On Dec. 13, 2007, the International Polar Year (IPY) will launch its second International Polar Day, focusing on ice sheets and traverses.
About 90 per cent of the earth's fresh water is locked up in the great ice sheets of Greenland and Antarctica. Outlet glacier flow from large ice caps such as Greenland has been accelerating, causing enhanced iceberg calving and subsequent increases in glacier mass loss. This is important for both freshwater inputs to the global ocean, and sea level change.
IPY is a large international and interdisciplinary coordinated research effort focused on the polar regions. Memorial University is represented on this initiative by various faculty including Dr. Lev Tarasov, associate professor of Physics and Physical Oceanography and the Canada Research Chair in Glacial Dynamics Modeling. He is also a co-investigator on the Canadian contingent of the international Glaciodyn project.

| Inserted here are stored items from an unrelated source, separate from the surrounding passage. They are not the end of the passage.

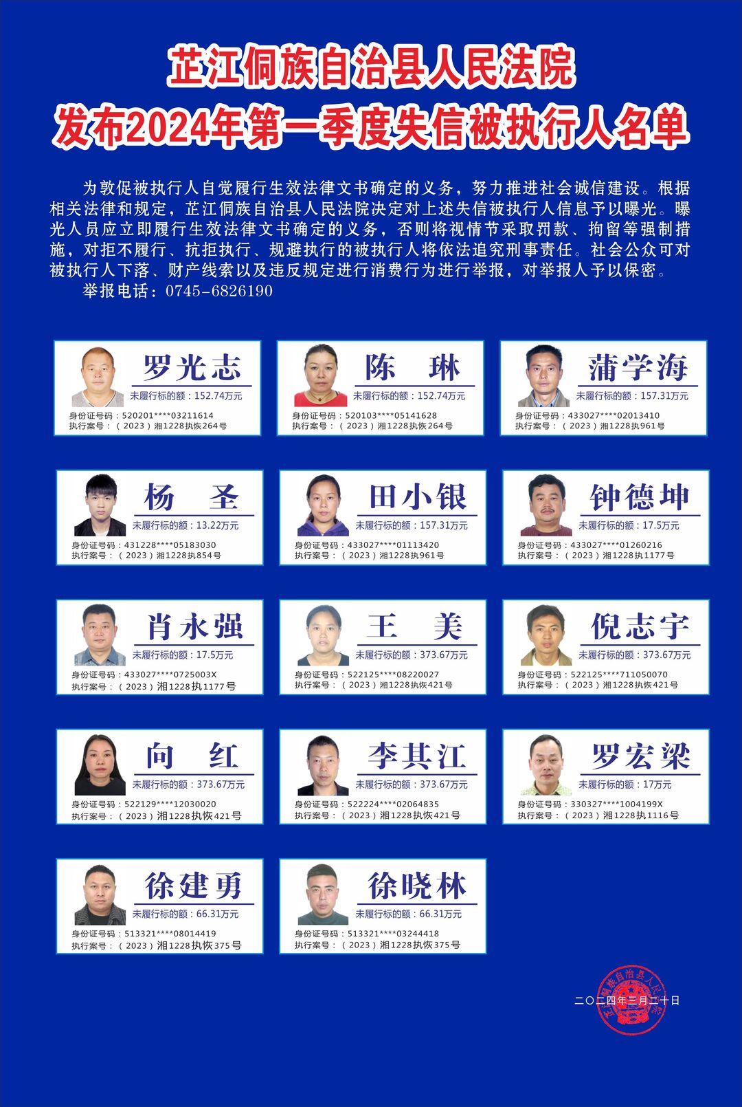 芷江融媒讯(通讯员 刘健 李颜馨 )为持续加强对失信被执行人的曝光和惩戒力度,年3月28日,芷江人民法院公布2024年首批失信被执行人名单,14名“老赖”被曝光。
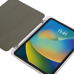 Dzięki przezroczystemu tyłowi podkreślony zostaje oryginalny wygląd urządzenia. Okładka oferuje funkcję podstawki do wygodnego pisania i oglądania wideo, automatyczne włączanie/wyłączanie przy otwieraniu i zamykaniu oraz praktyczny uchwyt na rysik. Antypoślizgowa powłoka i boczne rowkowanie zapewniają pewny chwyt bez niepożądanego żółknięcia materiału.
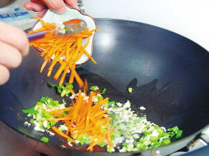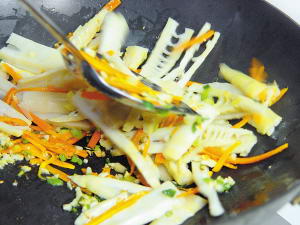 烧热锅内4汤匙油,爆香蒜蓉、葱花,倒入胡萝卜丝、春笋片和3汤匙清水,大火翻炒2分钟。
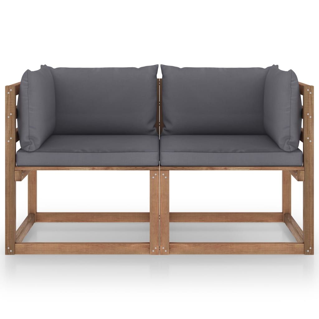 Ogrodowa sofa 2-os. z palet, z antracytowymi poduszkami, sosna
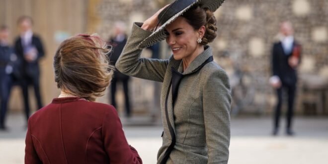 ممسكة بقبّعتها طوال الوقت.. الرياح "تربك" كيت ميدلتون في بريطانيا
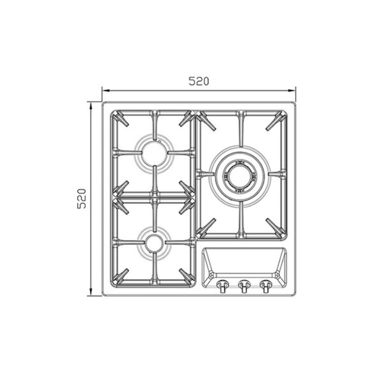 گاز رومیزی استیل البرز مدل S3501 دارای 3 شعله است و شعله پلوپز آن در کنار قرار گرفته است. نمای اجاق گاز استیل کار شده است که در مقایسه با انواع دیگر مقاومتر است. ابعاد آن 52*52 سانتیمتر است. قطعات اصلی این اجاق گاز ایتالیایی و از برند SABAF است. ابعاد برش این گاز 495*495 میلیمتر است.
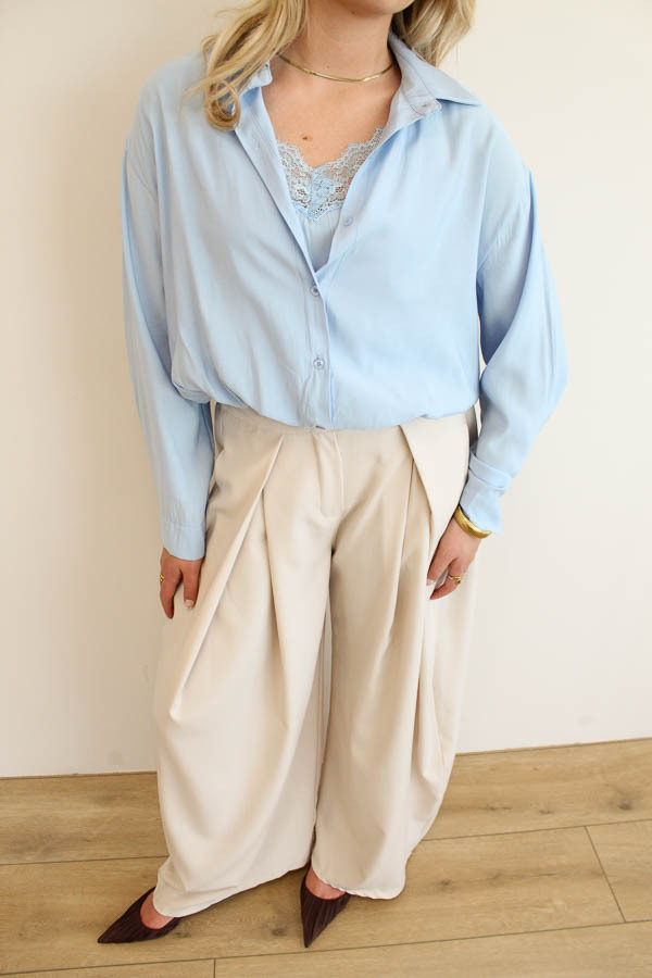 Blouse met een gepofte onderkant door het elastiek, wat zorgt voor een speels effect. Het hemd zit er vast in voor extra comfort en een mooie pasvorm en kanten randje. Gemaakt van een soepel en luchtig stof die perfect is voor de lente! Shop ze nu in meerdere kleuren!

The Glaciodyn project, or the dynamic response of Arctic glaciers to global warming, is part of IPY and is concerned with climate change impacts on tidewater glacier flow. Previous studies have shown that tidewater glaciers – which drain directly into the ocean from large ice caps and ice sheets such as Greenland - have experienced accelerated ice flow and increased rates of mass loss by iceberg calving over the past decade.
Glaciodyn aims to find out why.
In Canada, a team of seven glaciologists are working on the Belcher Glacier, a tidewater outlet of the Devon Island ice cap in Arctic Canada.
For three months in 2007, members of the research team lived and worked on the Belcher Glacier. Their main task was to collect field data to determine the glacier's current health and explore its response to future climate change scenarios.
"My role in the project is part of the large scale ice-cap modeling and the development of a physically constrained ice calving model, something the community currently lacks and which is crucial to constraining future sea level change," said Dr. Tarasov. "If all goes to plan, I should be spending three weeks this coming July at the ice calving terminus of the glacier collecting data, enjoying the beauty of the bergs and trying to keep peace with the neighborhood polar bears."
This study will provide a new state-of-the-art model for integrated glacier studies and will give new information on ice dynamics and glacier evolution in cold Arctic glacier systems.
So far the team has used ice-penetrating radar to measure both ice thickness and the topography under the ice. They've also installed time-lapse cameras to monitor the development of surface meltwater drainage systems and iceberg calving at the glacier terminus during the summer melt season.
They've used global positioning systems (GPS) to measure rates of ice movement, and have installed automated weather stations to record local meteorological conditions. The data will allow them to explore how increased amounts of meltwater draining into the glacier as the climate warms will affect how rapidly the ice flows, and how changes in the rate of ice flow affect the amount of iceberg calving.
This work will continue in the spring and summer of 2008.